Having hewed to his campaign pledge of no new taxes in this year's spending plan, Howard County Executive Charles I. Ecker is now taking the inevitable drubbing from factions that didn't get what they wanted. Welcome to the damned-if-you-do, damned-if-you-don't world of recessionary politics. His proposal doesn't raise taxes or cut services. It gives most county workers a 2 percent longevity pay raise, provides for new police officers and libraries and advances Howard's recycling effort.
The Howard County Education Association wants more. That includes restoring the $3.5 million slashed from the school budget request and granting cost-of-living increases. The teachers' union points to 1990 census numbers showing that Howard boasts the highest median income in the state. "Howard County is wealthy enough to give the people who serve it cost of living increases," said union president James R. Swab. "What we had hoped for in Chuck Ecker's budget was a bi-partisan effort to give county and school employees cost of living increases. Unfortunately politics is being played again."

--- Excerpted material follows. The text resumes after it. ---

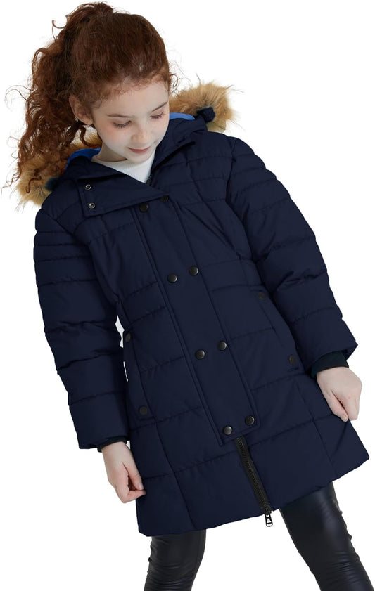 Girls Winter Puffer Jacket - Waterproof Warm Long Parka Coat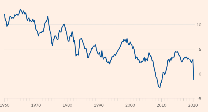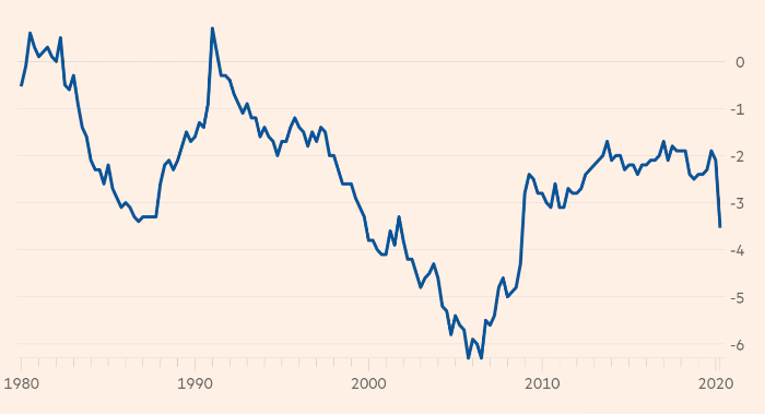 Причина известна: резкое сокращение внутренних сбережений на фоне зияющей дыры в бюджете. Во втором квартале 2020 года чистые внутренние сбережения — показатель, учитывающий сбережения домохозяйств, компаний и государственного сектора с поправкой на инфляцию — вышел на отрицательную территорию и достиг −1.2%. Последний раз такое было во время мирового финансового кризиса. Более того, в квартальном исчислении показатель упал более чем на 4% а такие глубокие просадки фиксировались лишь в послевоенное время, в 1947 году.

Hardly. We suspect Mr. Ecker's caution has less to do with politics than economic reality. Even affluent Howard County has not escaped the rigors of recession. Unemployment is hovering around 5 percent, with many of the newly unemployed having been thrown out of high-paying jobs. Business growth, too, has taken a hit. The county ended 1991 with the highest office vacancy rate in the region. County budgeteers expect more of the same in the year ahead -- overall revenues aren't expected to grow much more than 2 percent.